Jessie Buckley in The Bride! Credit: Warner Bros. Pictures

It isn’t much of a hot take to suggest this, but the only classic Universal monster movie better than James Whale’s 1931 Frankenstein is his 1935 sequel, The Bride of Frankenstein. In fact, the only thing keeping it from being a legitimately perfect film is the “Bride” problem. She shows up toward the tail end of the third act and we get nary a chance to see Frank and his Bride spending much time together. 

In her new blisteringly singular remix, The Bride!, Maggie Gyllenhaal addresses this directly by spending an entire two hours unpacking what a relationship between two mostly dead monsters would look like. This isn’t a remake of The Bride of Frankenstein, instead, it’s a deeply feminist visual feast anchored by two live-wire central performances. It also has a messy, overstuffed script that never congeals into a coherent whole… and I’m OK with that.

Jessie Buckley (who’s likely about a week away from winning the Best Actress Oscar for Hamnet) plays the Bride. Well, not just the Bride. Let’s try this again. Buckley plays Mary Shelley, who, in her quest to tell a horrific love story, possesses Ida, a wild and nearly feral woman who frequents a mob-run bar in 1930s Chicago. After Ida is thrown down the stairs and killed by mobsters, she’s exhumed by a cripplingly lonely Frankenstein’s Monster (a properly unhinged Christian Bale) and Dr. Cornelia Euphronious (a very game Annette Bening), the mad scientist he has hired to build him a bride. 

After pumping thousands of volts of electricity into her corpse, here comes the Bride, who, still possessed by the ghost of Shelley, goes on a Bonnie and Clyde-ish rampage filled with mutilated bodies, Rogers and Astaire-esque dance sequences, car chases and a love that death could never quench. 

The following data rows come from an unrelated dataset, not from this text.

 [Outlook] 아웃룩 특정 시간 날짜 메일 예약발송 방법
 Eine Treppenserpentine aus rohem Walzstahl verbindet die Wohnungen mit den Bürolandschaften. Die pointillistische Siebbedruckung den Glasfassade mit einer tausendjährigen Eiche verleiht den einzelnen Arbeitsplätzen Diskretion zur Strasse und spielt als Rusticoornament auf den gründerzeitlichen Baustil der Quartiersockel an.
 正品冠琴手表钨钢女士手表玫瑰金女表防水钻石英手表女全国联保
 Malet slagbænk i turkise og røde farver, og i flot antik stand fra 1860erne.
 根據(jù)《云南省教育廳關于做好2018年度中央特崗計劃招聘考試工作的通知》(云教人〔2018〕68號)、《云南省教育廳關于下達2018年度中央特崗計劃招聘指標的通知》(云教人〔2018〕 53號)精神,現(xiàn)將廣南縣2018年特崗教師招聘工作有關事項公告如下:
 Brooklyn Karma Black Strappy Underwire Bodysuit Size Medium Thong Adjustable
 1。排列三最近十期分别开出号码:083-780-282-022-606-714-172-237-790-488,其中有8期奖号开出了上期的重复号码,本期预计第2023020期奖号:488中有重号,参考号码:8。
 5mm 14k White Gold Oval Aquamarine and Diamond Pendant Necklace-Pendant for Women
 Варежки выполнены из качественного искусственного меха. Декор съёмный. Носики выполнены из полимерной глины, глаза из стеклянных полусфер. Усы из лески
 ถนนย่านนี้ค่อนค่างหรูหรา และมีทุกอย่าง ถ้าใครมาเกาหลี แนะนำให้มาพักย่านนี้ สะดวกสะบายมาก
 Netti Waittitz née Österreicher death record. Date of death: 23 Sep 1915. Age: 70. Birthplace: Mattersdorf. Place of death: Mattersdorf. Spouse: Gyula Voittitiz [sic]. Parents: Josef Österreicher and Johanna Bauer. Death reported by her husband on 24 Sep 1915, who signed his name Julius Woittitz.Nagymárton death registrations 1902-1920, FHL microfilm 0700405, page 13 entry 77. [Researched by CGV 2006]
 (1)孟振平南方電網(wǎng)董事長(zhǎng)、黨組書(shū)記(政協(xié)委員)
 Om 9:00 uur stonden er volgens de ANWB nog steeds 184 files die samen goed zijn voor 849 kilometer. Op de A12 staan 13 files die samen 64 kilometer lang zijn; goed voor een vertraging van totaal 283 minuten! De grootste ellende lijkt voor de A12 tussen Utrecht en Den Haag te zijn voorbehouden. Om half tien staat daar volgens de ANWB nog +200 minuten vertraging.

Gyllenhaal proves her bona fides immediately as a brilliantly singular visual stylist in just her second film as director. While her debut, The Lost Daughter, was an underrated psychological drama about complicated mothers, The Bride! feels like it was birthed from a different filmmaker altogether. Even with multiple narrative dead ends and reams of clunky dialogue, every frame is gorgeous, a product of a limitless imagination unbound. It’s a miracle the film even exists; it’s something so personal, so deeply strange that its release in megaplexes across the world by a major studio feels like a product of the 1970s auteur-driven New Hollywood movement.  

As mesmerizing as Buckley is as the Bride, it’s also one of those performances that’s so “showy” that a lesser actor would have derailed the film. She plays the Bride and Shelley like different notes of the same song: Shelley is British, with a throaty, aristocratic delivery, while Ida/the Bride has a thick Chicago growl. Buckley bounces between the two with a manic intensity that feels equal parts Dissociative Identity Disorder, Tourettes and full-blown supernatural possession. She’s so volatile and unapologetically batshit that Frank is having the time of his life. He has been lonely for so many decades that her furious intensity immediately makes him feel alive again. 

Is Frank and the Bride’s relationship meant to be unhealthy and toxic, blisteringly sexy, or sweepingly romantic? I’ll answer that with a resounding “sure?” In fact, that might be the film’s most potent metaphor: the movie itself is Frankenstein’s monster. 

The Bride! features a “Monster Mash” needle-drop, a graphic curb stomping reminiscent of American History X, and a graveyard of wasted performances from Jake Gyllenhaal, Julianne Hough, Peter Sarsgaard, Penelope Cruz, and John Magaro. Complete with two or three completely pointless subplots, the movie is so overstuffed that the exclamation point in the title is a not-so-subtle hint of the excesses to come. It’s a bit of a train wreck, but I’m still recommending it with my full chest. It’s a mess, but my gosh, it’s a fearless one. 

Maggie Gyllenhaal channels the dark and doomed romances of Badlands, Wild at Heart, and Joker: Folie à Deux alongside the punk chaos of Repo Man, the drunk-on-movies nostalgia of Cinema Paradiso, and the slapstick goofiness of Young Frankenstein. Tonally, it barely works on any level, yet I somehow still loved watching it. The Bride! doesn’t nail many of its thematic messages regarding women’s agency, but it’s still hard not to swoon over the sheer ambition of a movie this audaciously subversive. It easily could have been a shoddily thrown-together patchwork corpse of a movie. Instead it’s something breathtakingly, beautifully, and repulsively alive.